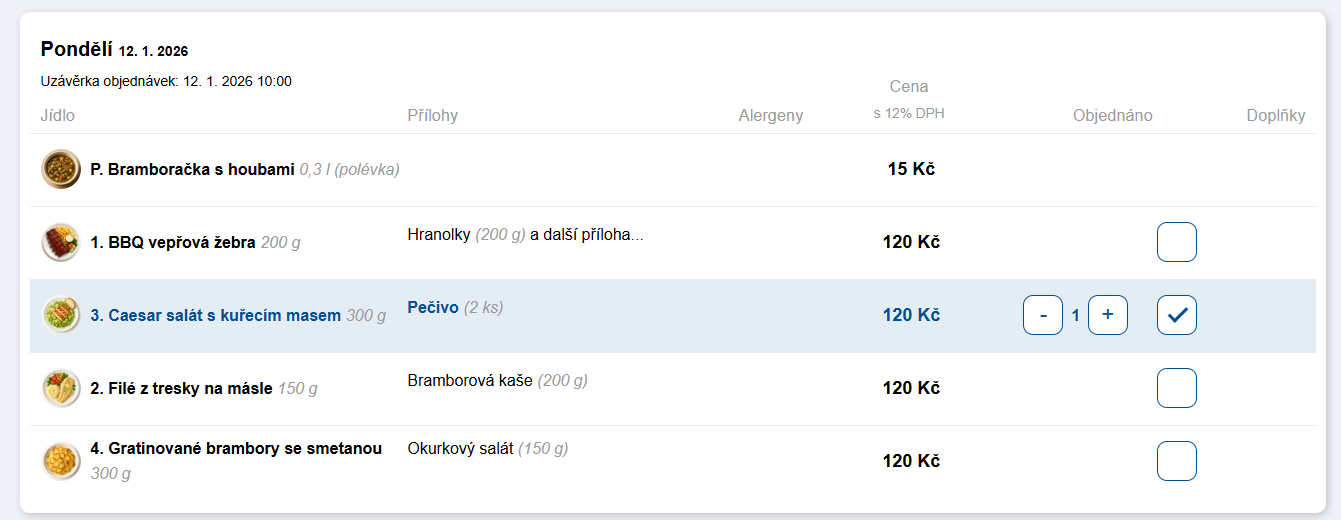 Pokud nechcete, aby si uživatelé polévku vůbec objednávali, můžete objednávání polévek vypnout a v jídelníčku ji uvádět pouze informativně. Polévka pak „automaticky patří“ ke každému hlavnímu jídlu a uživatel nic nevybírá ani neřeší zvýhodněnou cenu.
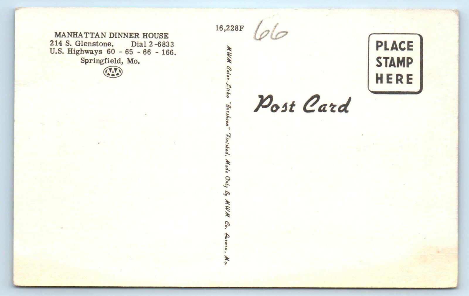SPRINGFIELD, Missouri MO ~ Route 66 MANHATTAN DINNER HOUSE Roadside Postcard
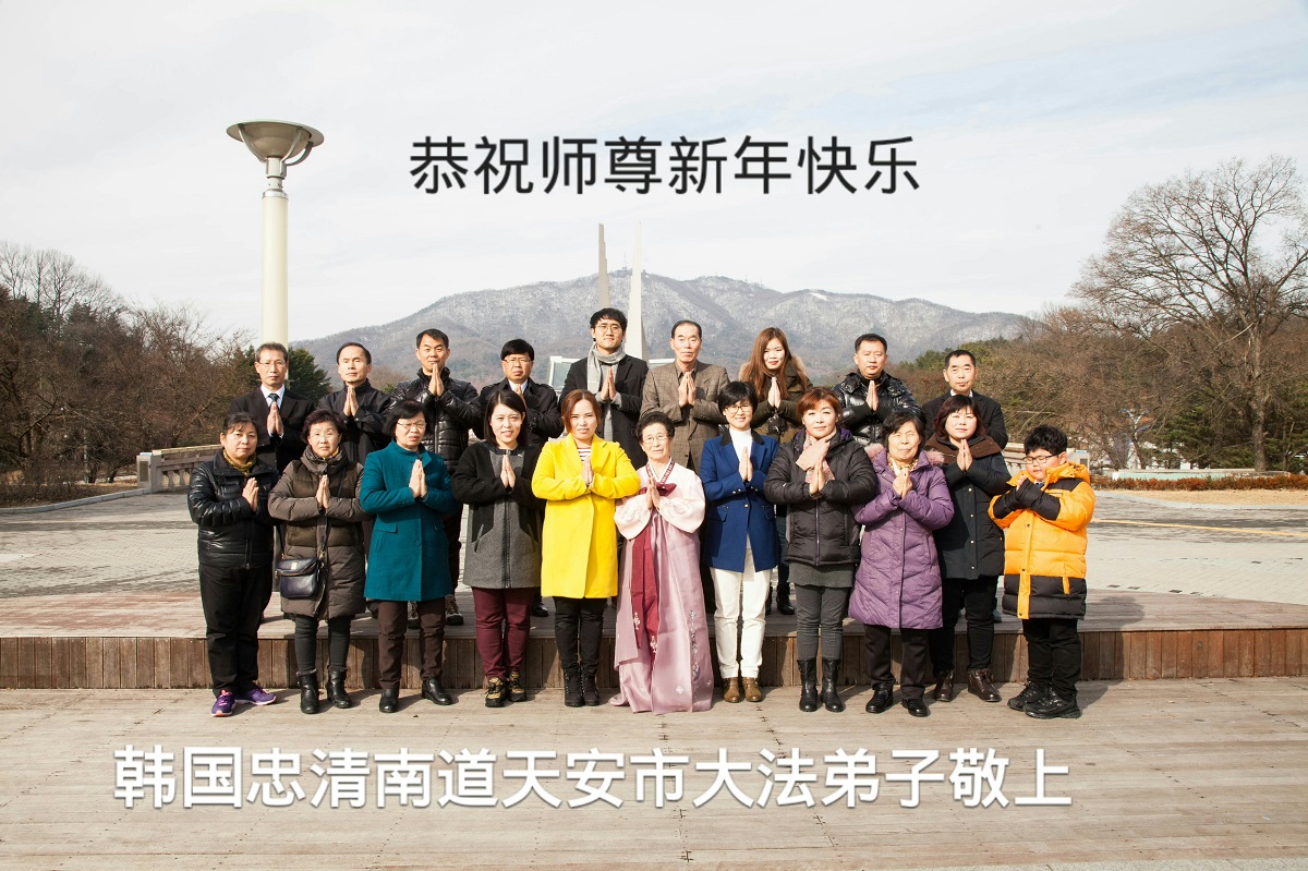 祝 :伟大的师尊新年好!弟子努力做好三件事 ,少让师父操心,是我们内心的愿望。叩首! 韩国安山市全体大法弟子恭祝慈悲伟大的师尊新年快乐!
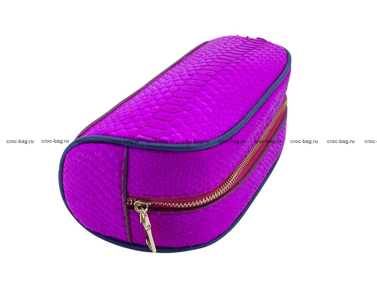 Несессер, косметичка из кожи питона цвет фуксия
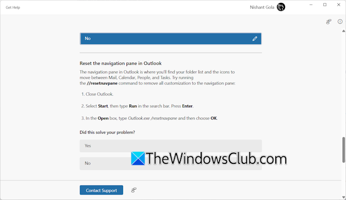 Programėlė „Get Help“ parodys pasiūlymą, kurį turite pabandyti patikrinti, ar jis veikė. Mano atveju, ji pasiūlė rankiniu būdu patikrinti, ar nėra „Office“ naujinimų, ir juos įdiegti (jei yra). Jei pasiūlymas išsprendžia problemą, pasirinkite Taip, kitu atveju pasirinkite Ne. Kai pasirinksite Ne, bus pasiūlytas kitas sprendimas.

--

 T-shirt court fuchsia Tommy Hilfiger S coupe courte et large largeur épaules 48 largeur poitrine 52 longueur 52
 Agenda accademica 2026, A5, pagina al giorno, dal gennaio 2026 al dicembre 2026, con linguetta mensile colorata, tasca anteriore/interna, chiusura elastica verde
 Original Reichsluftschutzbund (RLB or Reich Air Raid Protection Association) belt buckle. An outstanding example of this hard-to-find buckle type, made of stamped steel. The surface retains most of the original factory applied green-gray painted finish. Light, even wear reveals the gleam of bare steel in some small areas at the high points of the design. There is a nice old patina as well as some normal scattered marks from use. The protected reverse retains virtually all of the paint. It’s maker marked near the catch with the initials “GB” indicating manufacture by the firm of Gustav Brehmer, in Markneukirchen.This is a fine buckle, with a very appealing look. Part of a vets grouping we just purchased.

- Exercise prompt -
Print only what lies in the material above starting at the line with "T-shirt court fuchsia" and ending at the line with "Original Reichsluftschutzbund (RLB", every line exactly as given.

- Answer box -
 T-shirt court fuchsia Tommy Hilfiger S coupe courte et large largeur épaules 48 largeur poitrine 52 longueur 52
 Agenda accademica 2026, A5, pagina al giorno, dal gennaio 2026 al dicembre 2026, con linguetta mensile colorata, tasca anteriore/interna, chiusura elastica verde
 Original Reichsluftschutzbund (RLB or Reich Air Raid Protection Association) belt buckle. An outstanding example of this hard-to-find buckle type, made of stamped steel. The surface retains most of the original factory applied green-gray painted finish. Light, even wear reveals the gleam of bare steel in some small areas at the high points of the design. There is a nice old patina as well as some normal scattered marks from use. The protected reverse retains virtually all of the paint. It’s maker marked near the catch with the initials “GB” indicating manufacture by the firm of Gustav Brehmer, in Markneukirchen.This is a fine buckle, with a very appealing look. Part of a vets grouping we just purchased.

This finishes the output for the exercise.